**PROMPT:**
Please output all the entries word for word, without the pictures.

········

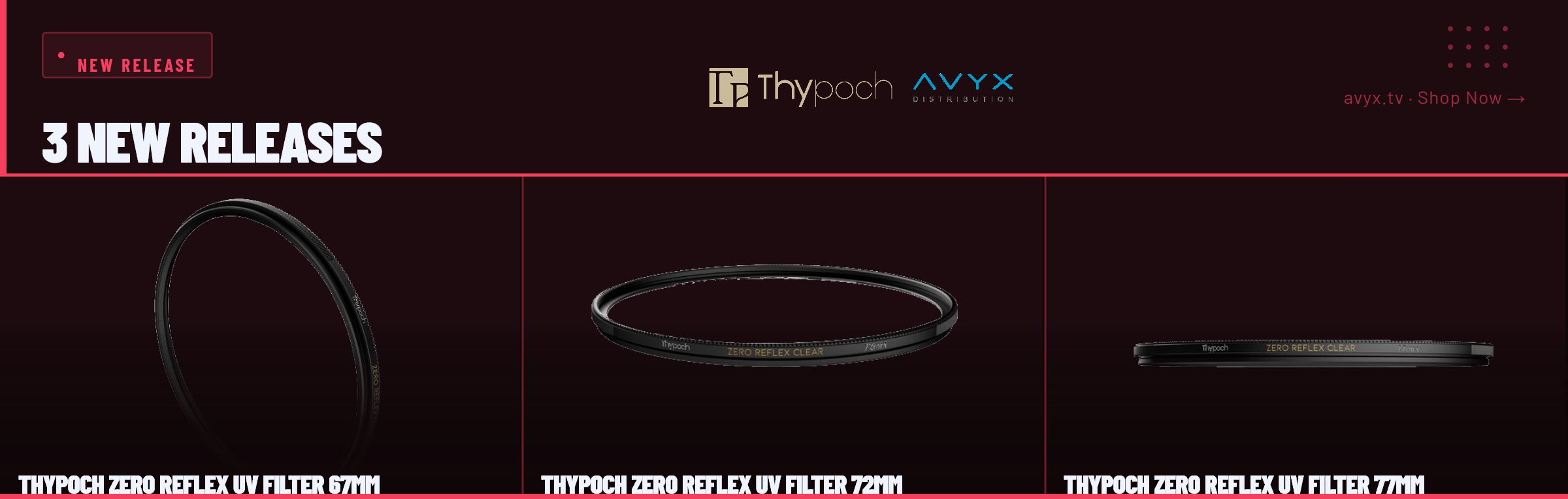 Introducing the complete Thypoch Zero Reflex UV Filter lineup, now available in 67mm, 72mm, and 77mm thread sizes. Each filter features advanced multi-layer coating technology that minimizes reflections and flare while ensuring maximum light transmission and exceptional optical clarity. Designed to protect your valuable lenses from dust, scratches, and fingerprints, these filters maintain superior image quality across all shooting conditions. Whether you're shooting landscapes, portraits, or street photography, the Thypoch Zero Reflex series keeps your images sharp and true to life. Available now at avyx.tv
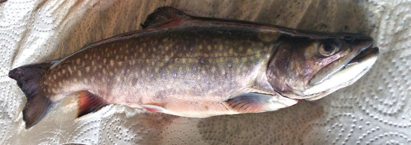 Bachsaibling, gefangen bei der Forellenzucht "Trauntal" im Kreis Birkenfeld am 6. April 2019.
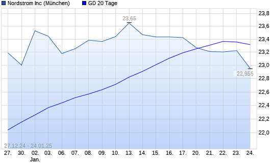 Mit dem Rücksetzer auf 23,24 EUR hat die Nordstrom-Aktie am 23.01.2025 die 20-Tage-Linie nach unten gekreuzt.
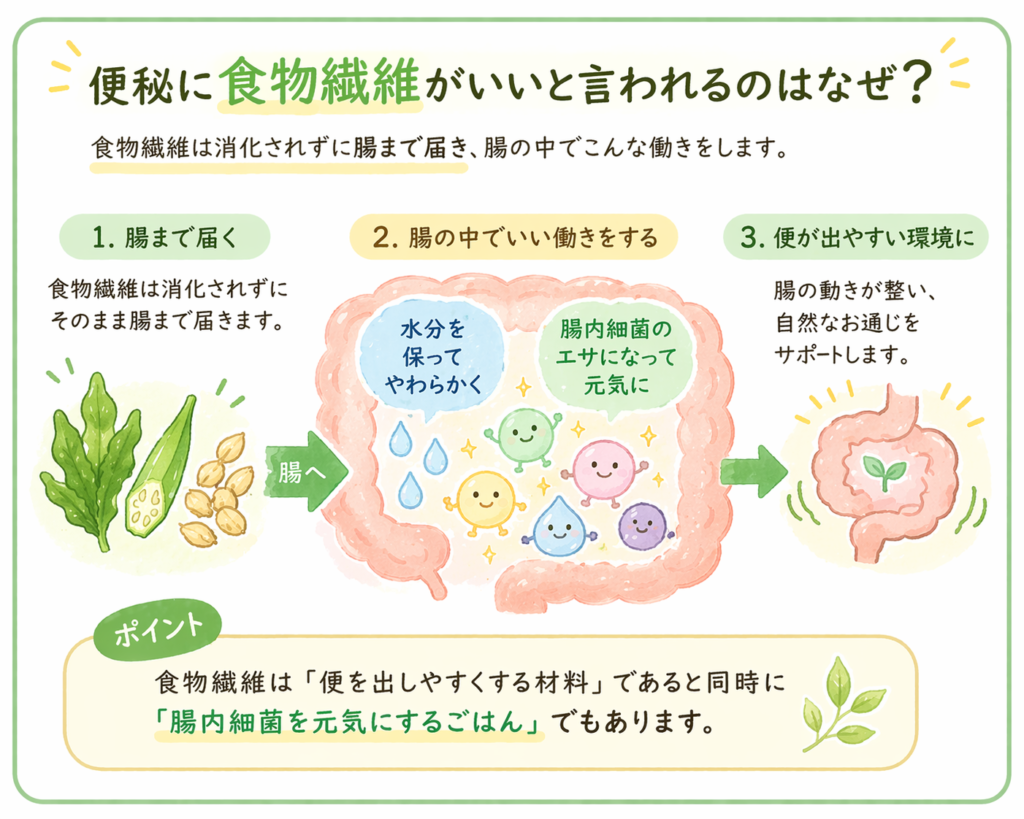 食物繊維は、消化されずに腸まで届く成分です。腸の中で便の材料になったり、水分を保ったり、腸内細菌のエサになったりして、便が出やすい環境をつくる手助けをします。
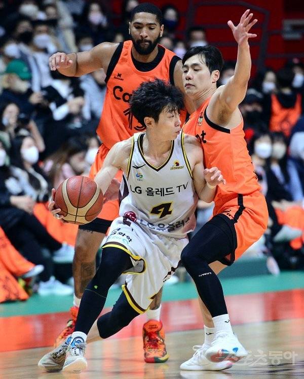 4일 경기도 고양체육관에서 열린 ‘2022-2023 SKT 에이닷 프로농구’ 고양 캐롯과 창원 LG의 경기에서 LG 이재도가 캐롯 수비를 제치며 돌파를 시도하고 있다.

········

**RESPONSE TO THE EXERCISE:**
 Introducing the complete Thypoch Zero Reflex UV Filter lineup, now available in 67mm, 72mm, and 77mm thread sizes. Each filter features advanced multi-layer coating technology that minimizes reflections and flare while ensuring maximum light transmission and exceptional optical clarity. Designed to protect your valuable lenses from dust, scratches, and fingerprints, these filters maintain superior image quality across all shooting conditions. Whether you're shooting landscapes, portraits, or street photography, the Thypoch Zero Reflex series keeps your images sharp and true to life. Available now at avyx.tv
 Bachsaibling, gefangen bei der Forellenzucht "Trauntal" im Kreis Birkenfeld am 6. April 2019.
 Mit dem Rücksetzer auf 23,24 EUR hat die Nordstrom-Aktie am 23.01.2025 die 20-Tage-Linie nach unten gekreuzt.
 食物繊維は、消化されずに腸まで届く成分です。腸の中で便の材料になったり、水分を保ったり、腸内細菌のエサになったりして、便が出やすい環境をつくる手助けをします。
 4일 경기도 고양체육관에서 열린 ‘2022-2023 SKT 에이닷 프로농구’ 고양 캐롯과 창원 LG의 경기에서 LG 이재도가 캐롯 수비를 제치며 돌파를 시도하고 있다.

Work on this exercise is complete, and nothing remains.